Danish physicist Rene Howe was able to completely stop and manipulate the speed of light

The speed of light is a universal physical constant that is important in many aspects of physics. Light travels at a continuous and finite speed of 186,000 miles per second. But did you know that you can manipulate the speed of light?

Danish physicist Rene Howe was the first to slow the speed of light to 60 km/h in 1999. After that she was able to stop, control and move it completely. Rene House’s study of the speed of light

 

 

In 1999, after years of hard work, Howe mastered the art of riding a bicycle at the speed of light. Instead of speeding her up, she slowed the lights down to a staggering 60 kilometers per hour, achieving this impressive feat. She did something even more amazing, stopping the light in her orbit.

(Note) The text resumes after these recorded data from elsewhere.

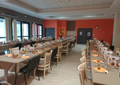 Ce repas, organisé pour les 87 résidents et le personnel de soins, a réuni 115 convives jusqu’au fromage et 130 personnes pour le dessert.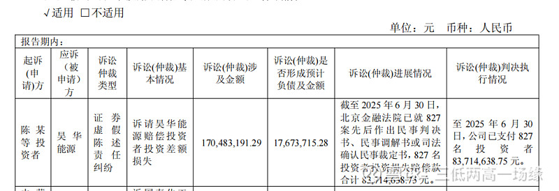 截至2024年3月31日,共有813名投资者对昊*华提起证券虚假陈述民事赔偿诉讼,索赔金额合计16484.43万元。北京金融法院已就537案先后作出民事调解书或司法确认民事裁定书,537名投资者合计获得赔偿款4416.53万元,部分判赔或调解后已执行完毕。对于剩余276起案件,核定投资者损失共计5178.34万元,公司需承担的赔偿金额估计为4142.67万元。目前,该案索赔时效已届满(2024年11月10日截止),未提起诉讼的投资者无法再通过法律途径主张权利。
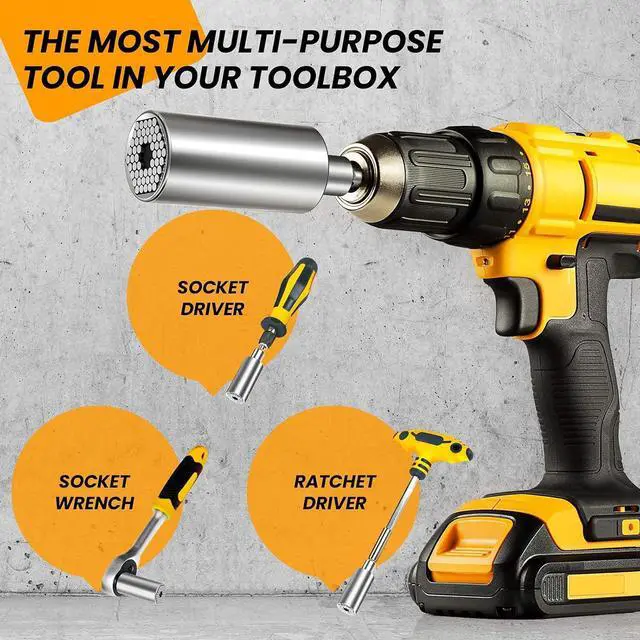 Widely Used Tools The multi-function socket wrench is equipped with an adapter, which can be easily connected with power drill, electric screwdriver and ratchet driver. In this way, socket wrench can replace your entire socket set to use in home improvement, construction, carpentry, DIY project, auto repair, electrician and other household maintenance.

Light travels at just 186,000 miles per second. Howe knew this, but she never thought she would break the low speed record for the speed of light. Shortly after arriving there, she begins a new research project.In search of a completely new state of aggregation, the Bose-Einstein condensate.

Atoms are very temperature sensitive. At temperatures a million times higher than absolute zero, they lose their individuality and merge.

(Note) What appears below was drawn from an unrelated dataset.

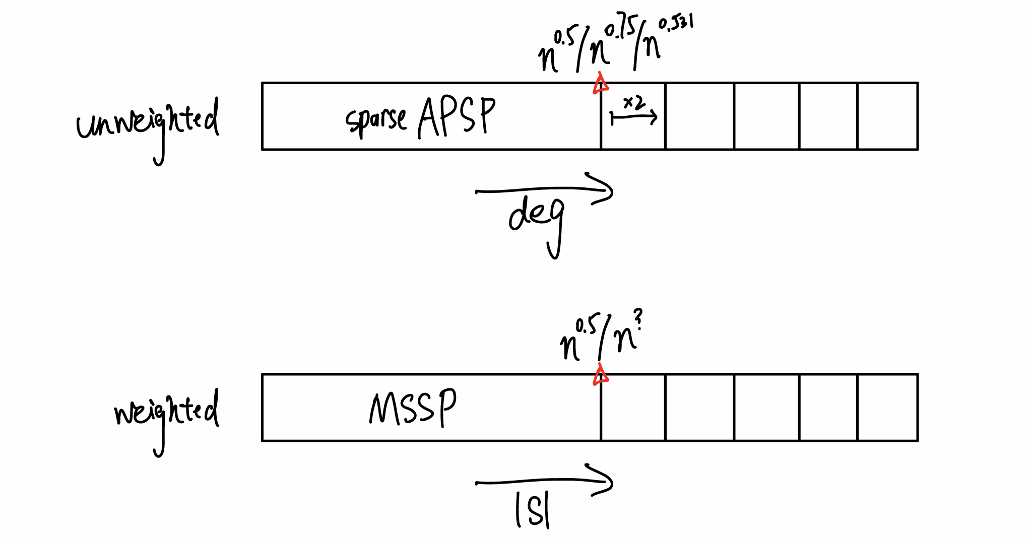 | 无权图做法 | 跑稀疏图 APSP | 找 hitting-set,MSSP + 矩乘 |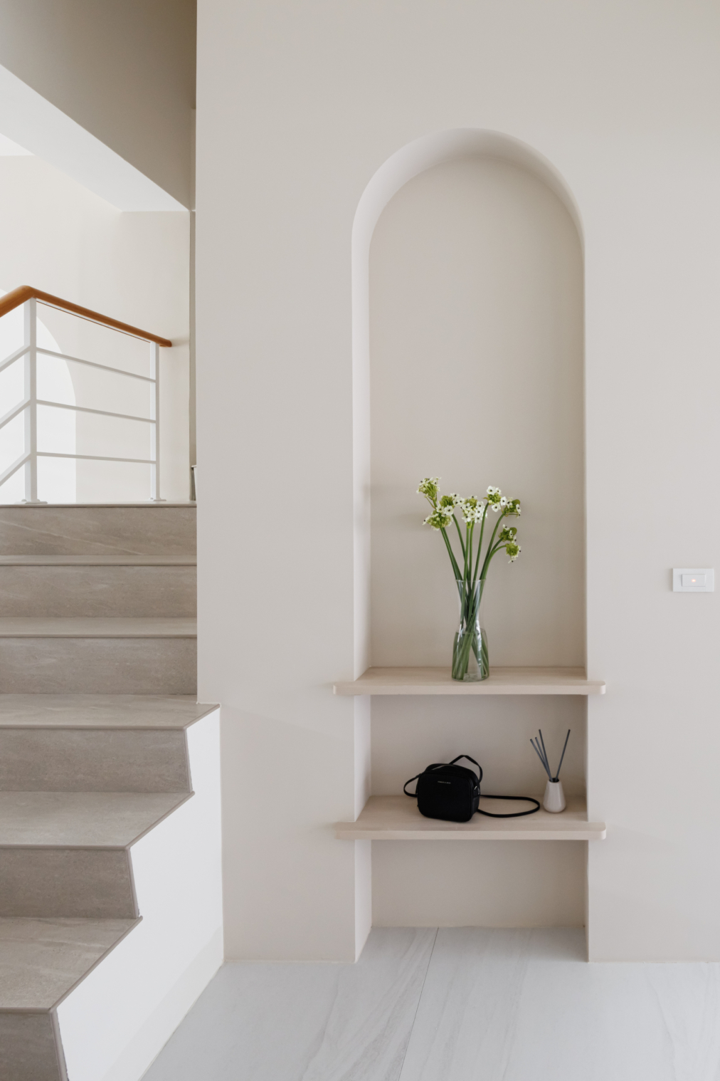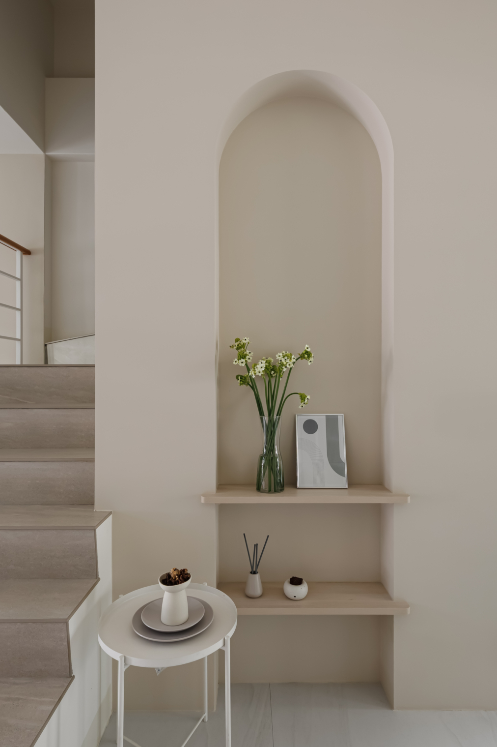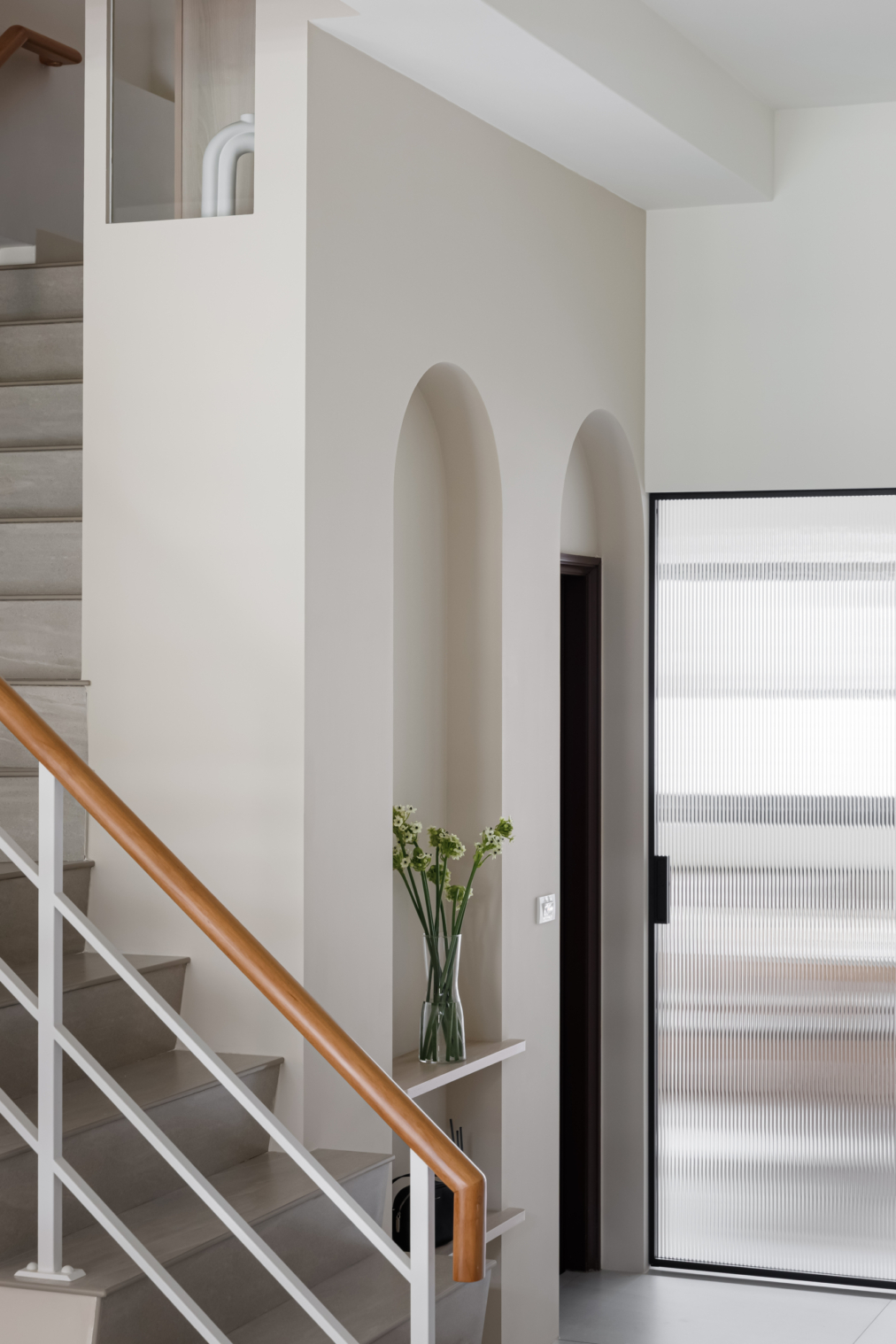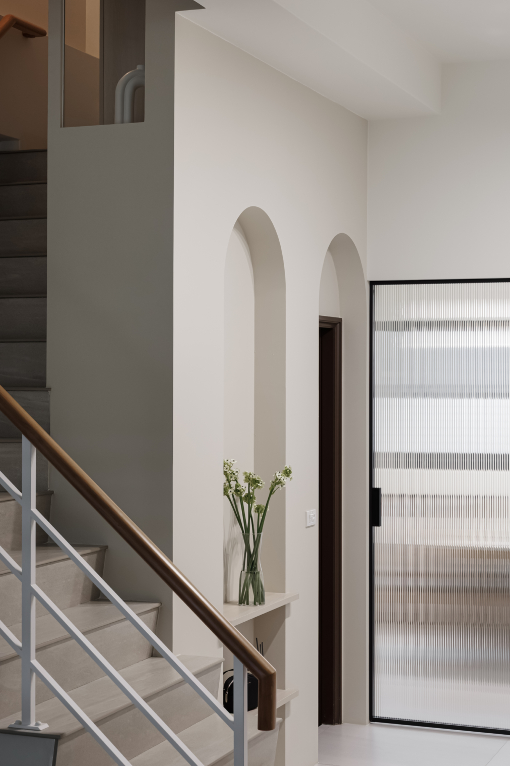 弧形牆面柔化了空間的線條,像是一種擁抱,溫柔地迎接每一個歸來的瞬間;木質地板傳遞著自然的溫度,隨著每一步行走,彷彿聽見生活的呢喃。

This assembly can behave like a single superatom at very low temperatures. It is called Bose-Her Einstein condensate, after two of her senior physicists who conducted research that predicted its existence in 1924.

“We were very excited to see what this new state of matter looked like. We were very happy. We’ve had success.” Rene Vestergaard Howe, Physicist

The Bose-Einstein condensate was finally formed in June 1997 after Howe and her teammates successfully cooled the atom.

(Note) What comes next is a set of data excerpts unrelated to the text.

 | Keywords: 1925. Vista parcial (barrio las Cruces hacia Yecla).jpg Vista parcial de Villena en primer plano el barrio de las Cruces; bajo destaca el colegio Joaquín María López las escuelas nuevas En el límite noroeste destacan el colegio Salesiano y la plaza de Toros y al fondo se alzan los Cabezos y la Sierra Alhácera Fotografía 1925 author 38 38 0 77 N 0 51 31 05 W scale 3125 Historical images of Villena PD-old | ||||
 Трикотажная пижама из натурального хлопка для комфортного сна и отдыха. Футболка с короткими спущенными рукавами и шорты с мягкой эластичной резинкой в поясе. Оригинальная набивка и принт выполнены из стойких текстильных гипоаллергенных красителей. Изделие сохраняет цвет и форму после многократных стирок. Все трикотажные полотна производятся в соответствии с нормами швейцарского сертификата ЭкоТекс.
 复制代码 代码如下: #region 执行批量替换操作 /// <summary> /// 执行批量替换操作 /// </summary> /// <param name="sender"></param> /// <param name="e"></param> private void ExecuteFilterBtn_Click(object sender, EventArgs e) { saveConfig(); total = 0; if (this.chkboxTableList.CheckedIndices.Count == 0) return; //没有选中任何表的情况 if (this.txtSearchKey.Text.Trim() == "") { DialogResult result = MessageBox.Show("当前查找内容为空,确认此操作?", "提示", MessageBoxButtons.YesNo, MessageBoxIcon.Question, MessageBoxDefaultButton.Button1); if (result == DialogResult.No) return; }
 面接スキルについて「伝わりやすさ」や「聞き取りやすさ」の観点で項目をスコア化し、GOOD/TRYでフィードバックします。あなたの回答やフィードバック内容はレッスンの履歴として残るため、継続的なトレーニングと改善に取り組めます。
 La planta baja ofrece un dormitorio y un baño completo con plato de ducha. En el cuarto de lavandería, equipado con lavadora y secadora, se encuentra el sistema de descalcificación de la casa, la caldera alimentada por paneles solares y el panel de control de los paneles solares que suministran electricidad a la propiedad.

After making it, Howe and her colleagues began looking for uses for the condensate. They found that by precisely manipulating with a laser beam, they could pass light through the previously opaque condensate. They found that no material had ever been identified that could delay light as efficiently as mass condensates.

A cigar-shaped condensate with a length of 0.2 mm was suspended inside a vacuum chamber using an electromagnet. They used a precisely aligned laser beam to illuminate the cigar from the side before firing a pulse of laser light along the longitudinal axis.

When she boarded a plane to Copenhagen that summer, she found herself moving much faster than a ray of light. She published her research in the fall that allowed her to move around easily at the pace of her bike.

Her team advanced this year by successfully blocking all light in Bose-Einstein condensates. The scientists turned off the coupling laser as soon as the light pulse was completely compressed and trapped in the condensate. After this change the lights were locked inside. When they turned the coupling laser back on, the first pulse of light came out the other side.